Malware detected impersonating MSI Afterburner to steal cryptocurrency wallets

PC enthusiasts love MSI's Afterburner utility, and it's easy to see why. The free GPU monitoring software can be used for everything from overclocking to checking your graphics card temperature to capturing gameplay footage and more, but it genuinely works with every Nvidia GeForce and AMD Radeon — a flexible feature unmatched by most rivals. However, crackers are now recognizing Afterburner's potential for tricking individuals into downloading malware, MSI warns.

It appears that certain malicious users have developed a copy of the MSI Afterburner download website under the fake domain "afterburner-msi.space" in an attempt to trick users into downloading software that could contain all kinds of malware. In fact, upon visiting the site — if you dismiss the browser warnings — you can observe an unusually high resource load that is already cause for suspicion.

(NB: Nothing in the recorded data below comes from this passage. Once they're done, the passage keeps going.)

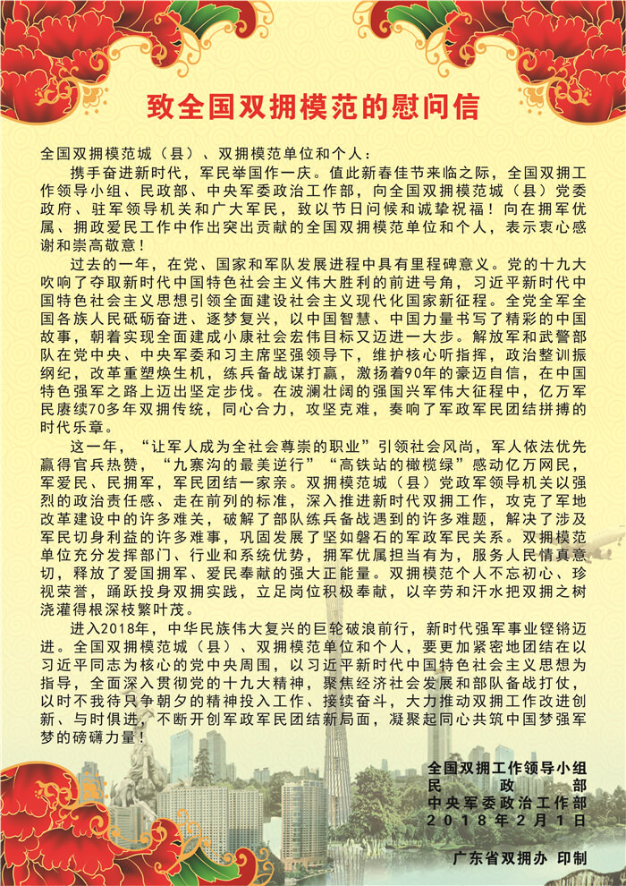 致全国双拥模范的慰问信、致广大官兵和优抚对象的慰问信
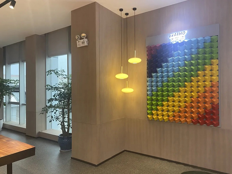 色彩中心陳列的色板涵蓋木器涂料、工業(yè)涂料、建筑涂料..等,以期讓觀者有難忘的色彩及空間體驗(yàn),但色彩變化過(guò)多易引起視覺(jué)疲勞進(jìn)而達(dá)不到突出醒目的效果,因此大寶設(shè)計(jì)團(tuán)隊(duì)秉持細(xì)致優(yōu)雅、和諧唯美的色彩美學(xué),將色彩與木質(zhì)的融合呼應(yīng)得淋淋盡致,創(chuàng)造出與客戶有共鳴的故事。
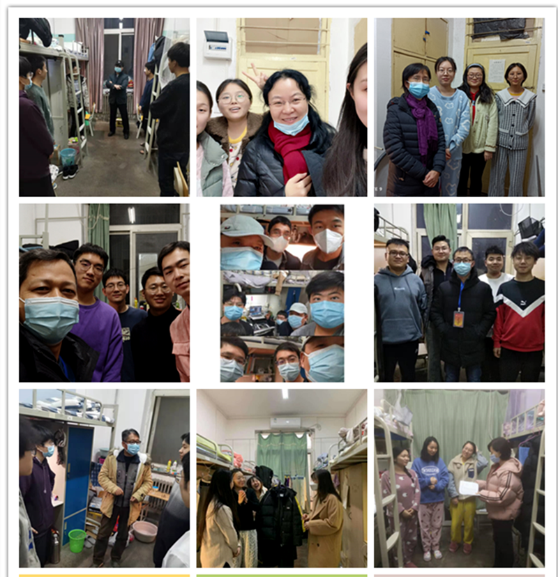 一是全過程陪伴。學院黨政領(lǐng)導、課任教師、輔導員老師常態(tài)化深入學生宿舍,就學生們關(guān)心的疫情形勢與政策、科學防護知識、愛國奉獻擔當、校園管理紀律、生活學習安排、心理狀態(tài)調(diào)試、當下問題訴求等內(nèi)容進行解讀、安撫、溝通和反饋。同時,作為學工干部全員堅守在鄠邑校區(qū)的學院,學工辦全體輔導員老師堅持常態(tài)化深入宿舍,及時關(guān)注學生思想動態(tài)和心理動態(tài),做好學生與學校之間良性溝通的橋梁。二是全過程教育。學院印發(fā)關(guān)于開展疫情防控期間開展線上主題班團會的通知和關(guān)于開展線上宿舍系列文化活動的通知文件,將思想政治教育和文化育人結(jié)合起來,確保疫情期間思想政治教育有成效,文化育人有成果。三是全過程管理。學院黨委堅持底數(shù)清楚,精準掌握學院教職工及其家屬和租戶人數(shù),確保每日核酸通知無遺,檢測全覆蓋;教師先鋒隊通過走訪宿舍、校園志愿服務(wù)等方式,將解決實際問題與強化人文關(guān)懷結(jié)合起來;學工辦嚴格落實晨午檢、晚簽到、核酸核查、線上教學管理等工作制度,堅持線上線下相結(jié)合、督促與檢查并重的方式,確保各項過程管理行之有痕、落到實處。
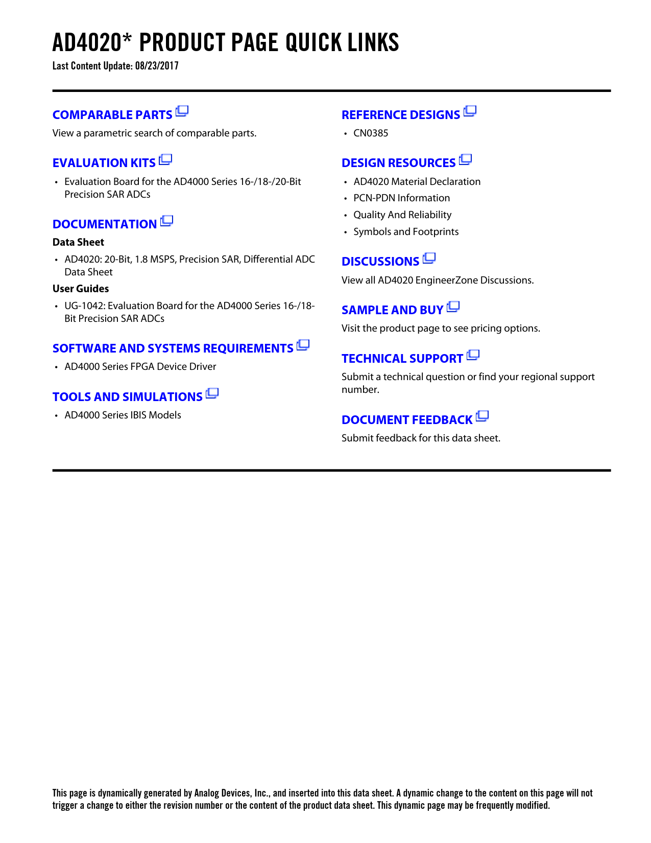 Seiten / Seite37 / 2 — AD4020* PRODUCT PAGE QUICK LINKS Last Content Update: 08/23/2017. …

The malware contained in the downloads is a new variant of the Redline InfoStealer, responsible for stealing cryptocurrency wallets such as Ethereum, Electrum, or Exodus. Additionally, it allows the attacker to execute remote tasks and steal VPN network credentials.

This morning, the company published an announcement:

"MSI is informing the general public of a malicious software program that is disguising itself as the official MSI Afterburner software program. The malicious software program is being illegally hosted on a suspicious website impersonating the official MSI website at the domain https://afterburner-msi.space. MSI has no relationship with this website or the aforementioned domain.

The fraudulent website mimics the official look and design of the MSI web page, and offers downloads for MSI Afterburner. This website is hosting an internet software program that may include viruses, trojans, keyloggers, or different types of trojan horses disguised to appear as MSI Afterburner. DO NOT DOWNLOAD ANY SOFTWARE FROM THIS WEBSITE."

Pay close attention to the warning. If you have already downloaded the fake version of Afterburner, you should definitely clean your system and run full scans with your security software.

MSI is already taking action on the matter

MSI says that "Mandatory actions to remove the malicious impersonator website are underway," and the perpetrator already appears to be offline. Nevertheless, this serves as a reminder that it is best to obtain software only from official sources.

You can download the official, malware-free version of Afterburner from the MSI website. And in case you need help protecting your PC, one of the best antivirus software programs is Windows Defender, which you can run at no cost on your Windows machine to check for any traces of malware on your system.